As of July 2023 he was the #8 ranked lightweight kickboxer in the world by Combat Press.

== Biography and career ==

===Early life===
Yusupov started training in Muay Thai at the age of 21 and turned to competition only a few months later. He became a Master of Sports in Muay Thai in 2005 and a Master of Sports in kickboxing the next year. Yusupov competed in Russia where he became a six time national amateur Muay Thai champion. He began coaching in 2011 and later moved to Beijing, China.

=== ONE Championship===
On October 23, 2019, Yusupov replaced Sasha Moisa on short notice at ONE Championship: Age Of Dragons for a fight against Yodsanklai Fairtex. In an upset, he won by second-round knockout with punches. This marked Yodsanklai's first knockout loss since 2005.
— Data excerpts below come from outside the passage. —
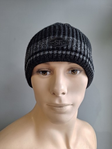 CZAPKA MĘSKA ZIMOWA GRUBA SABFIL NA POLARZE CZARNA CIEPŁA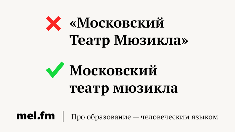 Имена собственные не всегда нуждаются в кавычках. Одни из самых популярных примеров — театры, музеи и вузы. Зачастую это единые сочетания, которые являются целиком именем собственным вместе с родовым словом. Например, Большой театр, Театр сатиры, Московский театр мюзикла, Русский музей, Московский государственный университет. При этом есть театр «Современник» или кинотеатр «Пионер». Как вы догадались, проверять надо в словарях (или на сайтах театров — заодно и билеты купите!).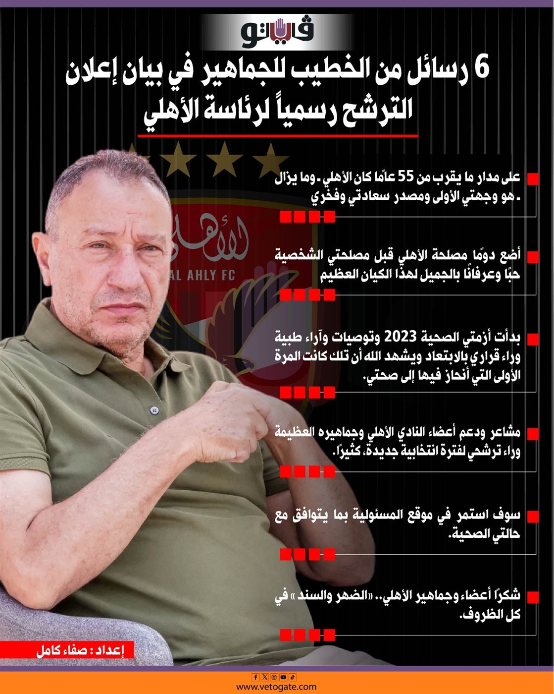 6 رسائل من الخطيب للجماهير في بيان إعلان الترشح رسميًا لرئاسة الأهلي (إنفوجراف)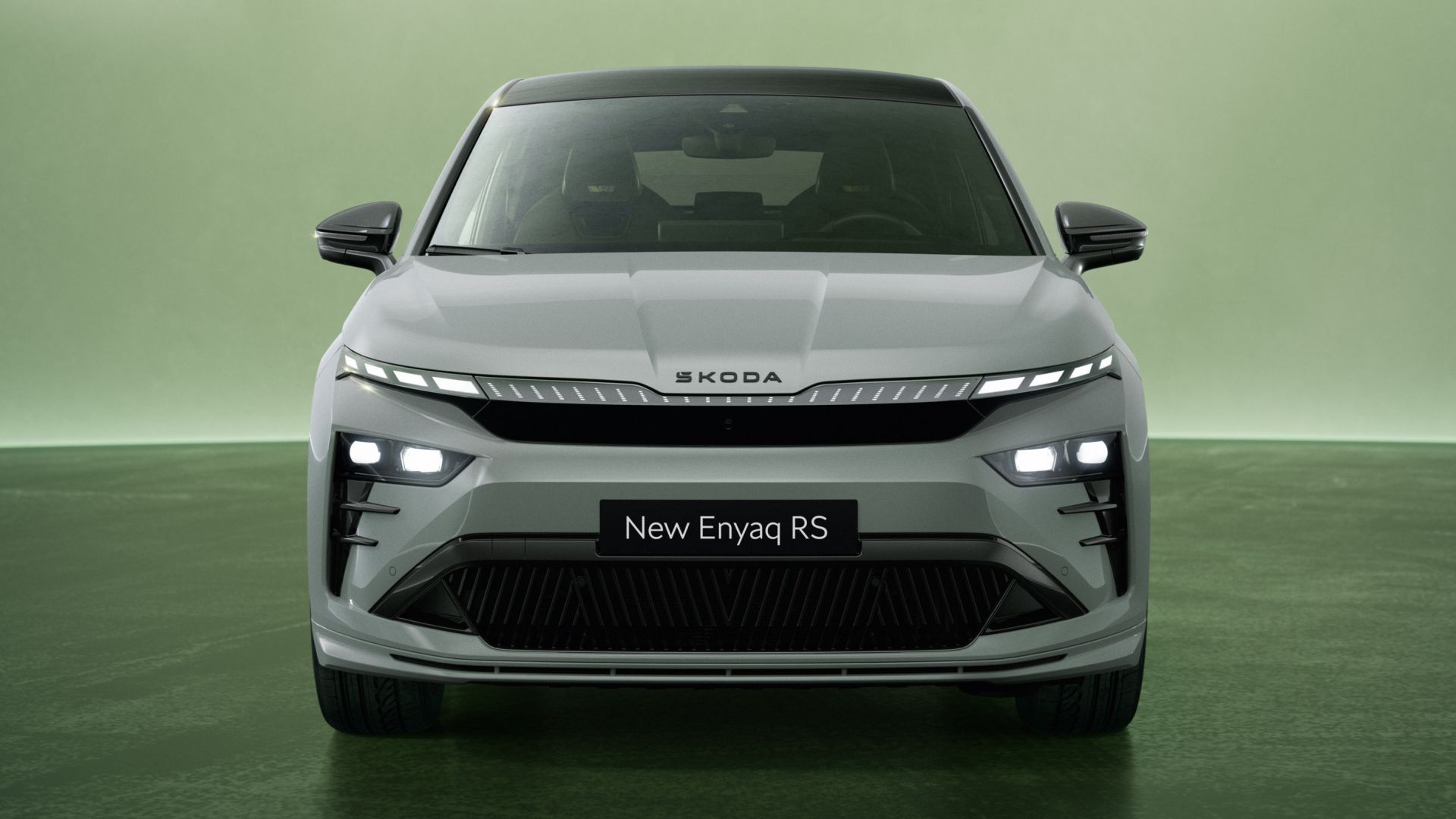 Le nuove Enyaq RS adottano il linguaggio di design Modern Solid di Škoda, con elementi distintivi come la griglia illuminata Tech-Deck Face in nero lucido e i fari LED Matrix di serie.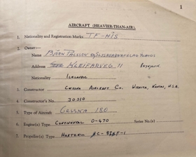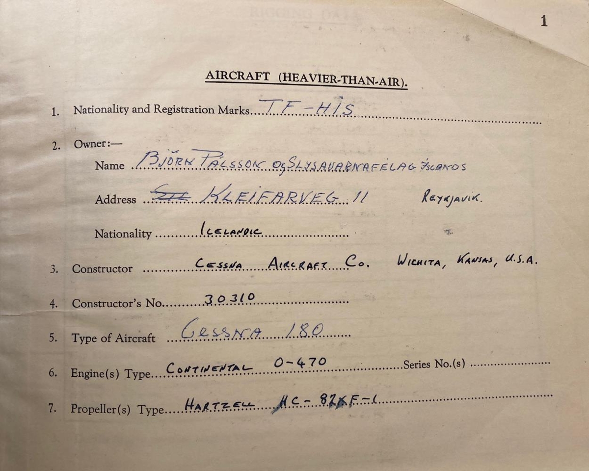 Logbók flugvélarinnar TF-HIS, Cessna 180. Bókin er fimmta logbók vélarinnar, blá að lit og með harðri kápu. Með svörtum prentuðum stöfum stendur: "Ministry of Civil Aviation", "Form C.A. 27" og "Aircraft Log Book". Þá hefur verið handskrifað á hana: "Bók no 5. 24/8 56-21/5 58. TF- HIS. TF-HIS #3B".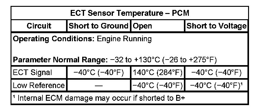 The Typical Scan Tool Data table identifies a scan tool data parameter and its value in reference to potential circuit faults.
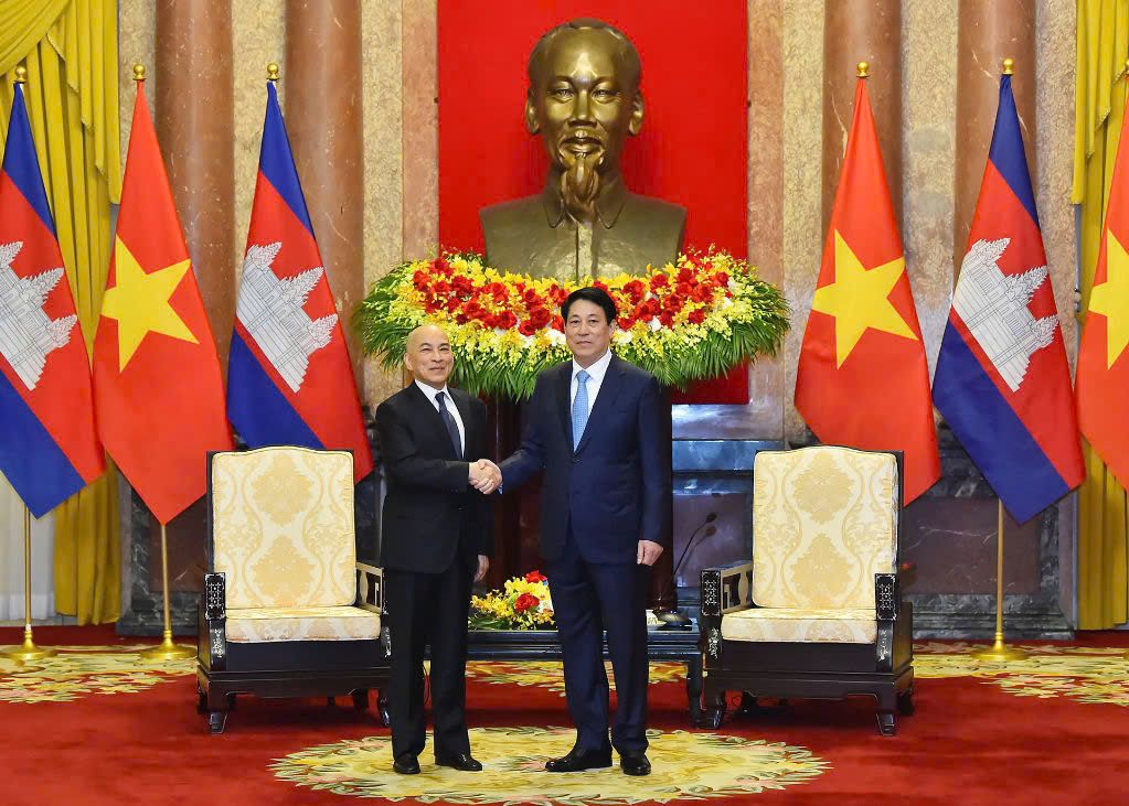 2024年11月28日,越南国家主席梁强会见柬埔寨国王诺罗敦·西哈莫尼。

Yusupov was scheduled to face Samy Sana at ONE Championship: Collision Course 2 on 25 December 2020. He won by unanimous decision after scoring a knock down in the second round.

In 2022 Yusupov relocated to Turkey. He was scheduled to face Jo Nattawut under Muay Thai rules at ONE 159 on July 22, 2022. Yusupov won the fight by unanimous decision after scoring a knockdown.

Yusupov challenged Tawanchai P.K. Saenchaimuaythaigym for the ONE Muay Thai Featherweight Championship on February 25, 2023, at ONE Fight Night 7. He lost via a leg kick knockout just 49 seconds into the bout.

=== RCC Fair Fight ===
Yusupov faced reigning Fair Fight lightweight champion Mamuka Usubyan in a non-title bout at RCC Fair Fight 21 on June 10, 2023. He won the fight by extension round unanimous decision.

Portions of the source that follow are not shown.